■ Prompt
Within the records below, find the line with "Young Indian runners" and the line with "٢٨١١ - عَنْ", then reproduce exactly those two lines and all lines between them, without any picture.

■ Listed records
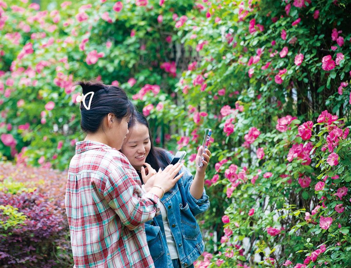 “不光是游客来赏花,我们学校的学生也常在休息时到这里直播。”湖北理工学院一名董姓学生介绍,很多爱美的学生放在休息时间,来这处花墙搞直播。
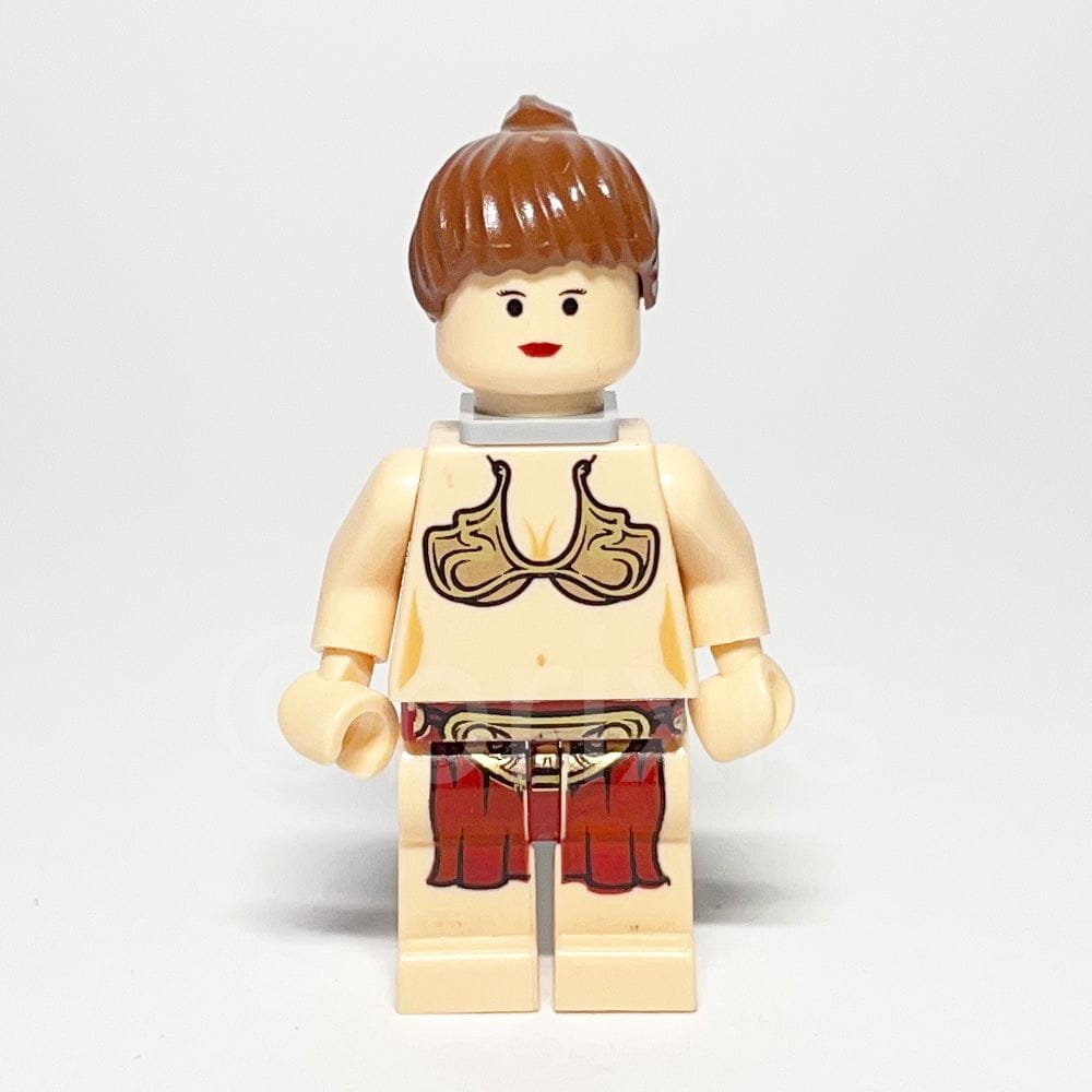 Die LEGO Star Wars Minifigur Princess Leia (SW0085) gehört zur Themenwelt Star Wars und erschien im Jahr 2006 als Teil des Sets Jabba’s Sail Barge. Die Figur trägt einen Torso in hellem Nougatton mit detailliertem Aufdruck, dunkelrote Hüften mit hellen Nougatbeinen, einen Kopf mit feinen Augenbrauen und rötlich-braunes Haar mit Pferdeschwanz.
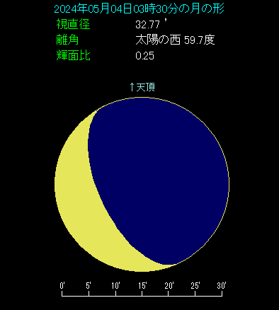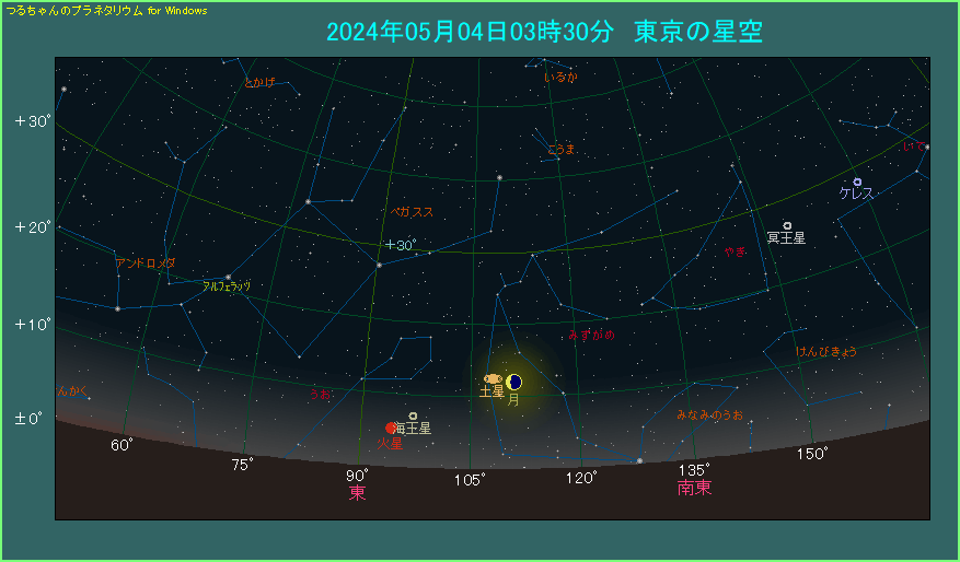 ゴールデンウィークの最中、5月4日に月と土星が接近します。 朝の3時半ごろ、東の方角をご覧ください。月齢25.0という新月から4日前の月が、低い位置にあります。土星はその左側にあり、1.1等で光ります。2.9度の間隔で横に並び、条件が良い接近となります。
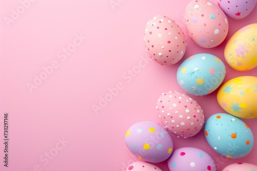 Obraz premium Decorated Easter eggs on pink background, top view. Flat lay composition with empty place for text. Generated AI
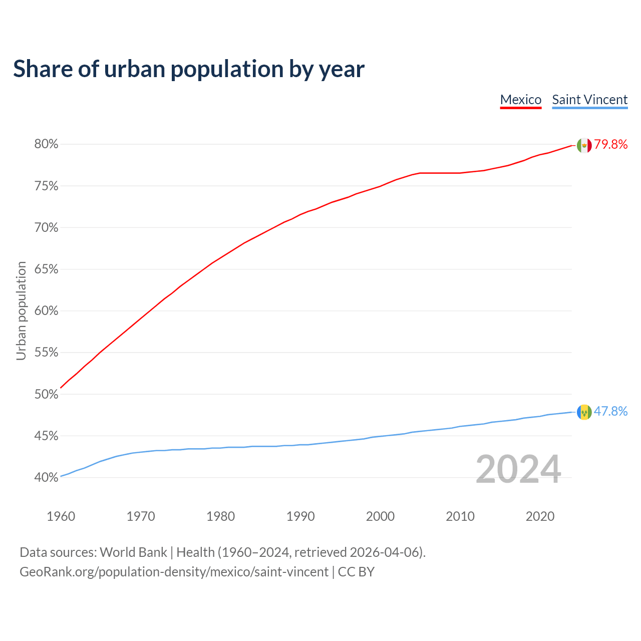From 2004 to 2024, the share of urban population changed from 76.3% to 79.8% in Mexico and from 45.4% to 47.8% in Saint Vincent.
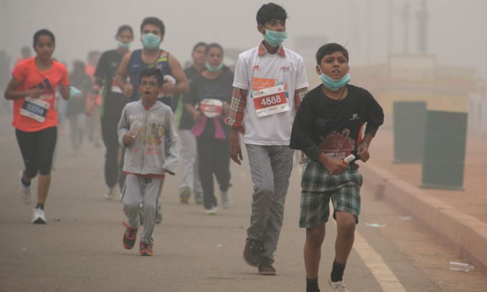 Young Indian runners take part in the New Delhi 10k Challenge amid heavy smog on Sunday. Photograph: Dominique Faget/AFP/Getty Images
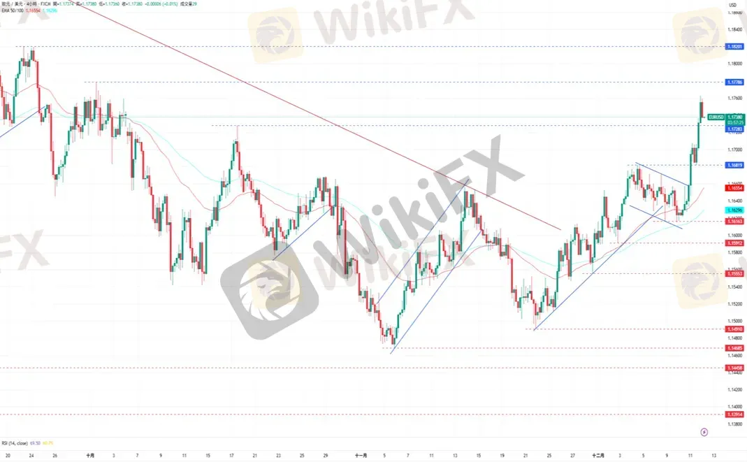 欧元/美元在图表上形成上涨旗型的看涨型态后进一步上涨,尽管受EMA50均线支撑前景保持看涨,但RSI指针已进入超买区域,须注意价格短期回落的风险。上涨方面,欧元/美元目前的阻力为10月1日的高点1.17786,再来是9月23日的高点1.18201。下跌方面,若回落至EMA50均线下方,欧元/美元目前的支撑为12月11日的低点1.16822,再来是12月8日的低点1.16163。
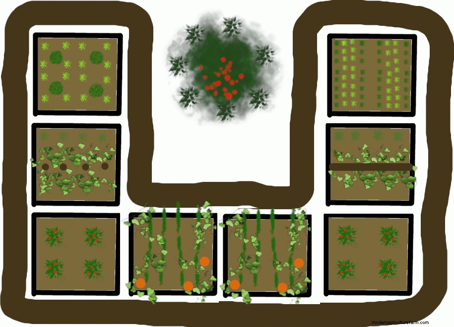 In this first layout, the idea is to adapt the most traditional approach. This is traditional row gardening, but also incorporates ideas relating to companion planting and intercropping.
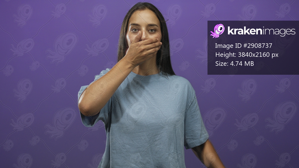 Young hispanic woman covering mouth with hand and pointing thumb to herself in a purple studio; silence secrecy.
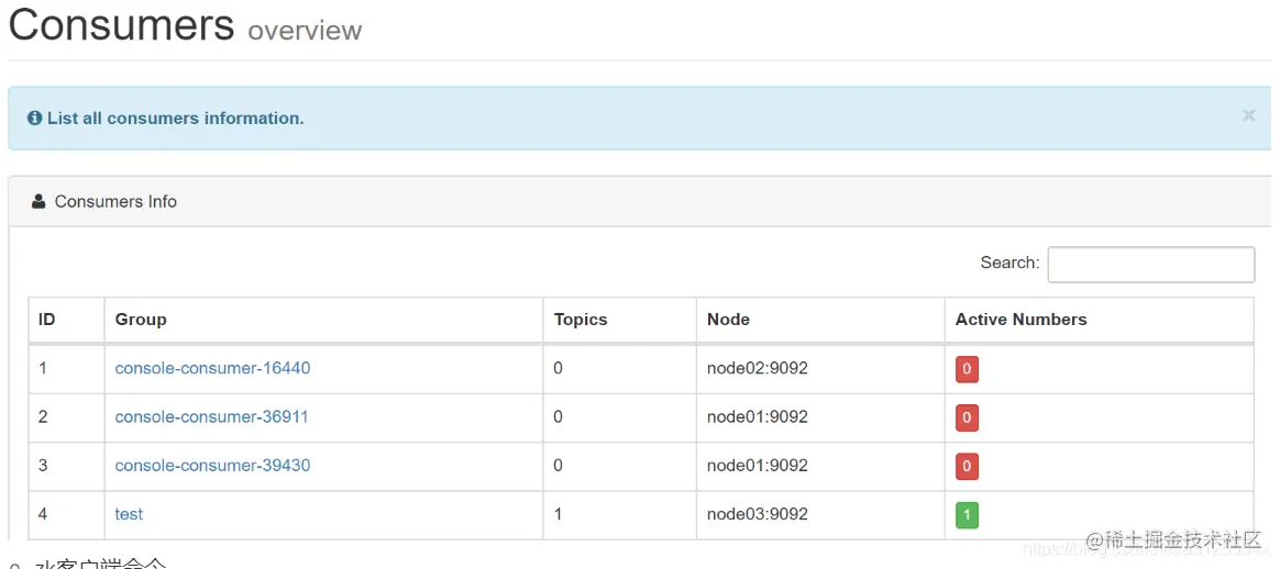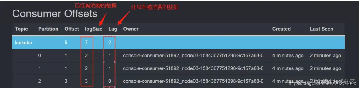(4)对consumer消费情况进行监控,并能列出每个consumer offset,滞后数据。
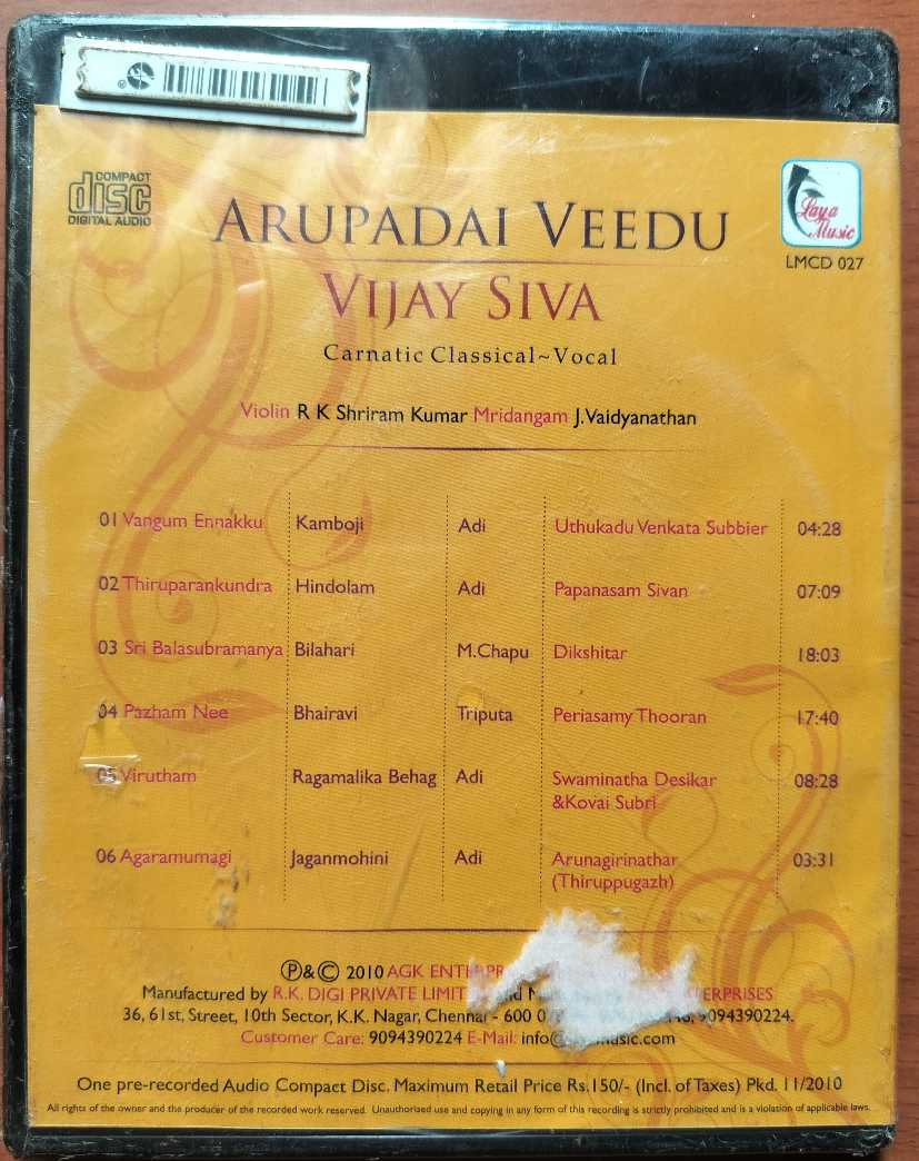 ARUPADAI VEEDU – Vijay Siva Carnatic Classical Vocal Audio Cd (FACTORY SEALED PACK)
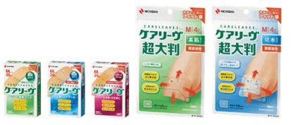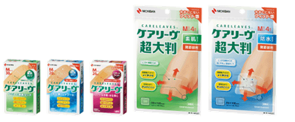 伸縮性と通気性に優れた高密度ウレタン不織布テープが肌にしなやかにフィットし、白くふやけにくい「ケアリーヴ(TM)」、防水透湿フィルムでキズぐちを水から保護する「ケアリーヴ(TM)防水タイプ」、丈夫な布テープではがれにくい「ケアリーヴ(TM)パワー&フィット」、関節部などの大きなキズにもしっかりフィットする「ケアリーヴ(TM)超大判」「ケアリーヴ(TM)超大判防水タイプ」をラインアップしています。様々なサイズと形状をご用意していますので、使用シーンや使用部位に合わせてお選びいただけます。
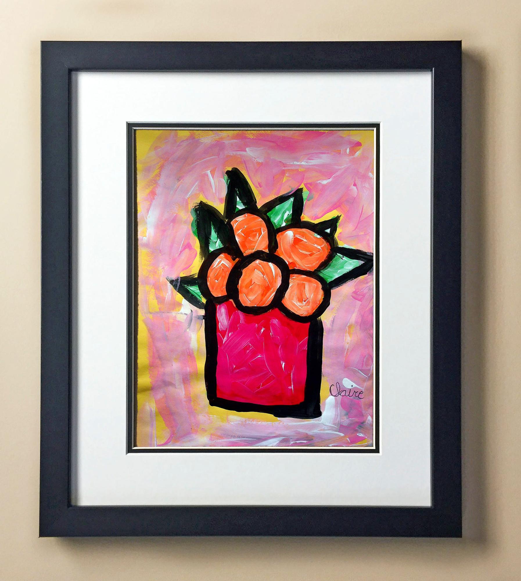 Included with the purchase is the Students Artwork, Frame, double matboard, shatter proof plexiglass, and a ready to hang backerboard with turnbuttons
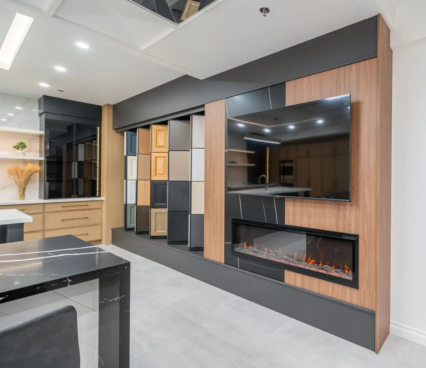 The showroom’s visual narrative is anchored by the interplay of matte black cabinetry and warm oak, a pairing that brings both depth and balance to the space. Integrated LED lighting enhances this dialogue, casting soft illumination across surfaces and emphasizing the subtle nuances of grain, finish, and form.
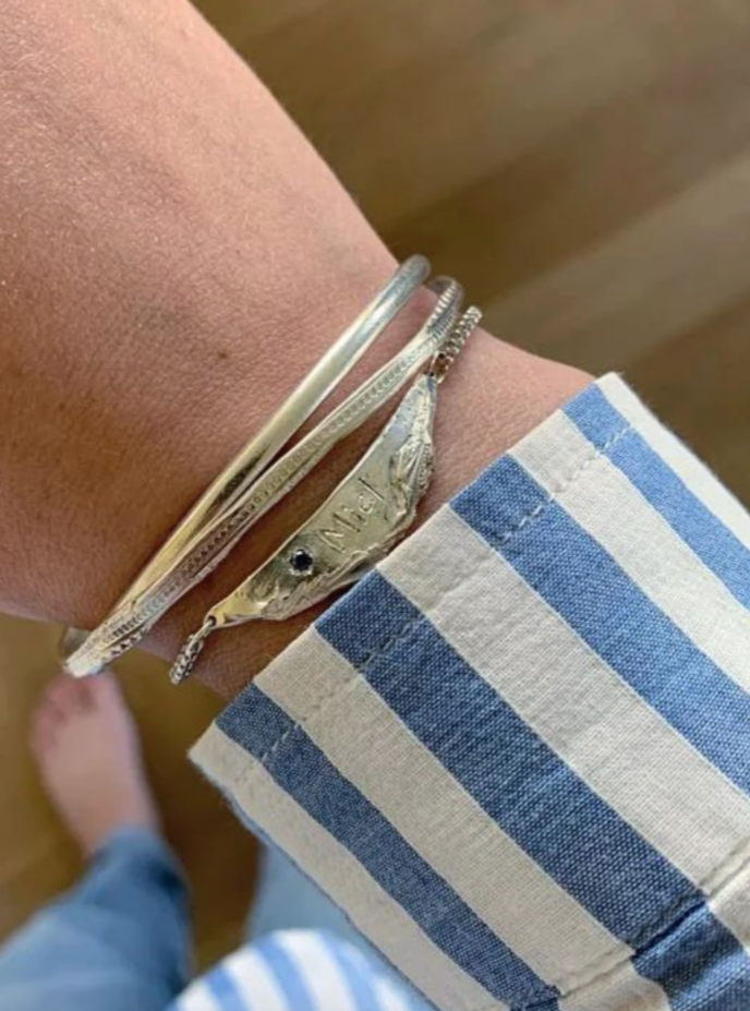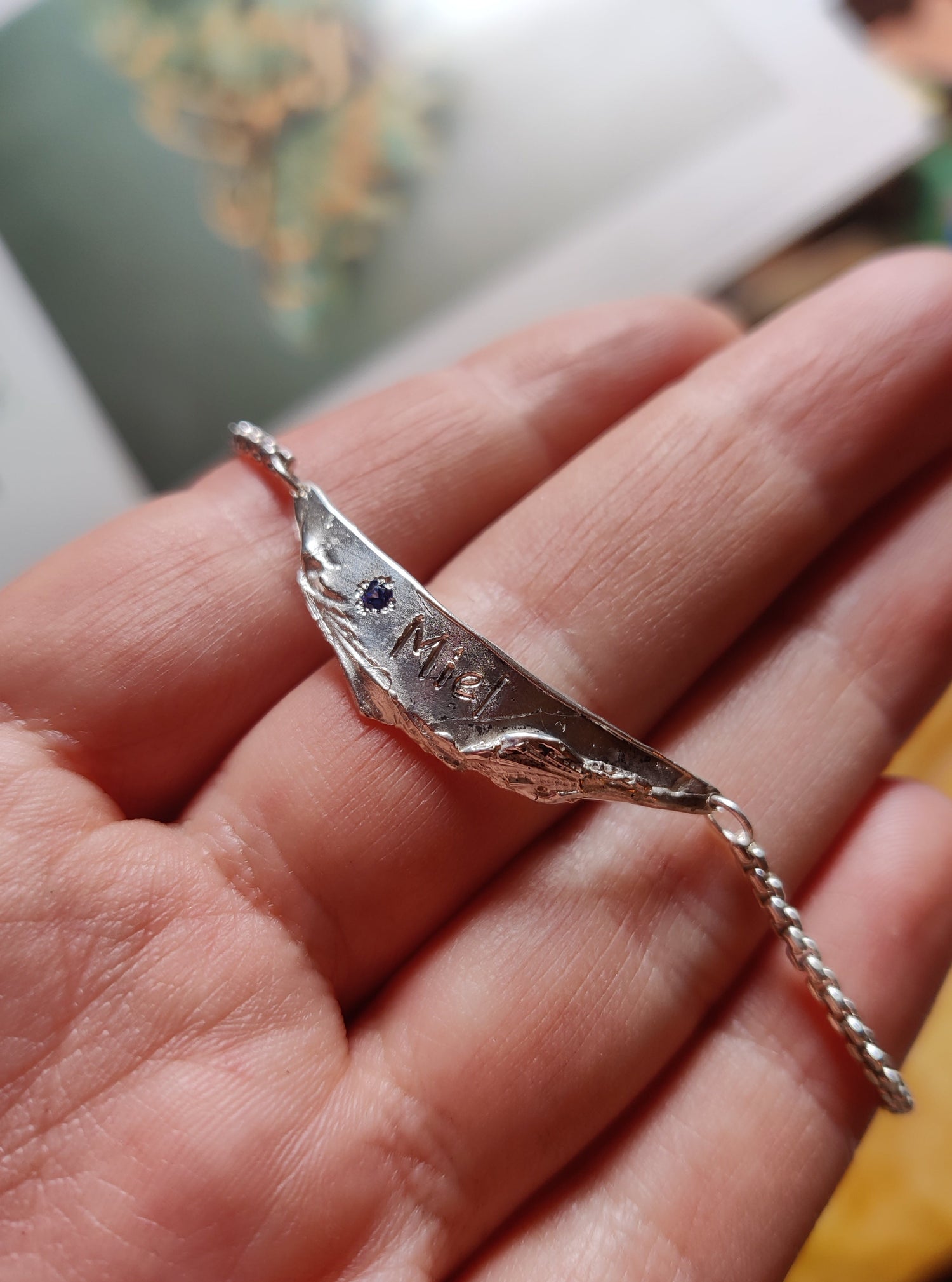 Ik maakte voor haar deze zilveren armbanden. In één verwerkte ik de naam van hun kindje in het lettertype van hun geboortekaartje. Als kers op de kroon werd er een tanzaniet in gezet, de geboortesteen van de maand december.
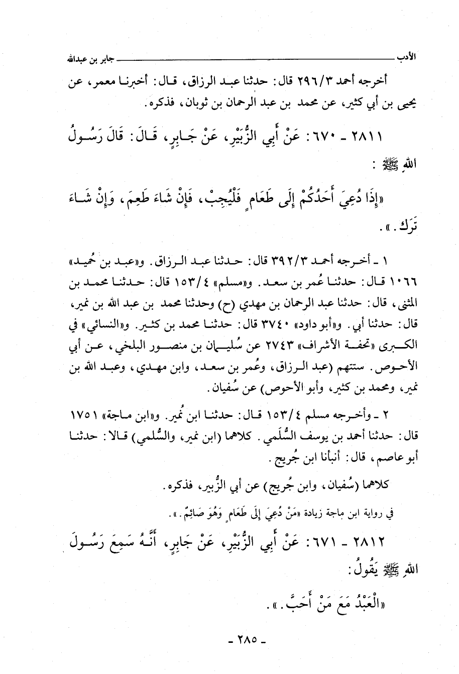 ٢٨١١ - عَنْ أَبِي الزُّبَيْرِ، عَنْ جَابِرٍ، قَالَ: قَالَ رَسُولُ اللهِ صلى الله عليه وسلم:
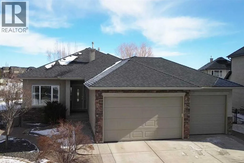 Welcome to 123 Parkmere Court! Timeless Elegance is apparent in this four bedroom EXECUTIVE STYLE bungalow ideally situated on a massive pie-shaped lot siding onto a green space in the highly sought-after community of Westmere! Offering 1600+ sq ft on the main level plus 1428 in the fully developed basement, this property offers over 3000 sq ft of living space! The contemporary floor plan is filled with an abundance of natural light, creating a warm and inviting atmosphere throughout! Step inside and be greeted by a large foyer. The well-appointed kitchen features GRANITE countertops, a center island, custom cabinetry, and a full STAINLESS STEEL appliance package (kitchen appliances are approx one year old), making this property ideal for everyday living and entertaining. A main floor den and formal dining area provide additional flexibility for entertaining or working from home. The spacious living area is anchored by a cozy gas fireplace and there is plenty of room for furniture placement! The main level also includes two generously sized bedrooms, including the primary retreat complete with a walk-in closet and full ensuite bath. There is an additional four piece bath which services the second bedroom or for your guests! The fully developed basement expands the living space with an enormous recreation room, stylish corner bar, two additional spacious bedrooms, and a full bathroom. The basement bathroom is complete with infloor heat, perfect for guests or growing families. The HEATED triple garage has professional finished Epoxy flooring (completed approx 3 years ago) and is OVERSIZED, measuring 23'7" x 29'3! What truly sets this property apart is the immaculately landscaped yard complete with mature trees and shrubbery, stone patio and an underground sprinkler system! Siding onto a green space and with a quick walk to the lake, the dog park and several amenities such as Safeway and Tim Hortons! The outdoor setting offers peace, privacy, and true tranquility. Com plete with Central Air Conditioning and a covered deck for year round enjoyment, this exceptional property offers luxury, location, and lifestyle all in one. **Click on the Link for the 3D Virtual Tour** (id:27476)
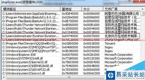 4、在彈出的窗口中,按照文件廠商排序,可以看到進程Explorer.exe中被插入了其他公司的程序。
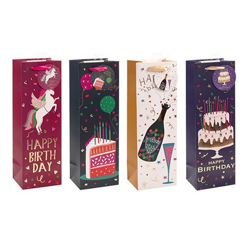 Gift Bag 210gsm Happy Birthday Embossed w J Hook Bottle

■ Response to the task
 Young Indian runners take part in the New Delhi 10k Challenge amid heavy smog on Sunday. Photograph: Dominique Faget/AFP/Getty Images
 欧元/美元在图表上形成上涨旗型的看涨型态后进一步上涨,尽管受EMA50均线支撑前景保持看涨,但RSI指针已进入超买区域,须注意价格短期回落的风险。上涨方面,欧元/美元目前的阻力为10月1日的高点1.17786,再来是9月23日的高点1.18201。下跌方面,若回落至EMA50均线下方,欧元/美元目前的支撑为12月11日的低点1.16822,再来是12月8日的低点1.16163。
 In this first layout, the idea is to adapt the most traditional approach. This is traditional row gardening, but also incorporates ideas relating to companion planting and intercropping.
 Young hispanic woman covering mouth with hand and pointing thumb to herself in a purple studio; silence secrecy.
(4)对consumer消费情况进行监控,并能列出每个consumer offset,滞后数据。
 ARUPADAI VEEDU – Vijay Siva Carnatic Classical Vocal Audio Cd (FACTORY SEALED PACK)
 伸縮性と通気性に優れた高密度ウレタン不織布テープが肌にしなやかにフィットし、白くふやけにくい「ケアリーヴ(TM)」、防水透湿フィルムでキズぐちを水から保護する「ケアリーヴ(TM)防水タイプ」、丈夫な布テープではがれにくい「ケアリーヴ(TM)パワー&フィット」、関節部などの大きなキズにもしっかりフィットする「ケアリーヴ(TM)超大判」「ケアリーヴ(TM)超大判防水タイプ」をラインアップしています。様々なサイズと形状をご用意していますので、使用シーンや使用部位に合わせてお選びいただけます。
 Included with the purchase is the Students Artwork, Frame, double matboard, shatter proof plexiglass, and a ready to hang backerboard with turnbuttons
 The showroom’s visual narrative is anchored by the interplay of matte black cabinetry and warm oak, a pairing that brings both depth and balance to the space. Integrated LED lighting enhances this dialogue, casting soft illumination across surfaces and emphasizing the subtle nuances of grain, finish, and form.
 Ik maakte voor haar deze zilveren armbanden. In één verwerkte ik de naam van hun kindje in het lettertype van hun geboortekaartje. Als kers op de kroon werd er een tanzaniet in gezet, de geboortesteen van de maand december.
 ٢٨١١ - عَنْ أَبِي الزُّبَيْرِ، عَنْ جَابِرٍ، قَالَ: قَالَ رَسُولُ اللهِ صلى الله عليه وسلم:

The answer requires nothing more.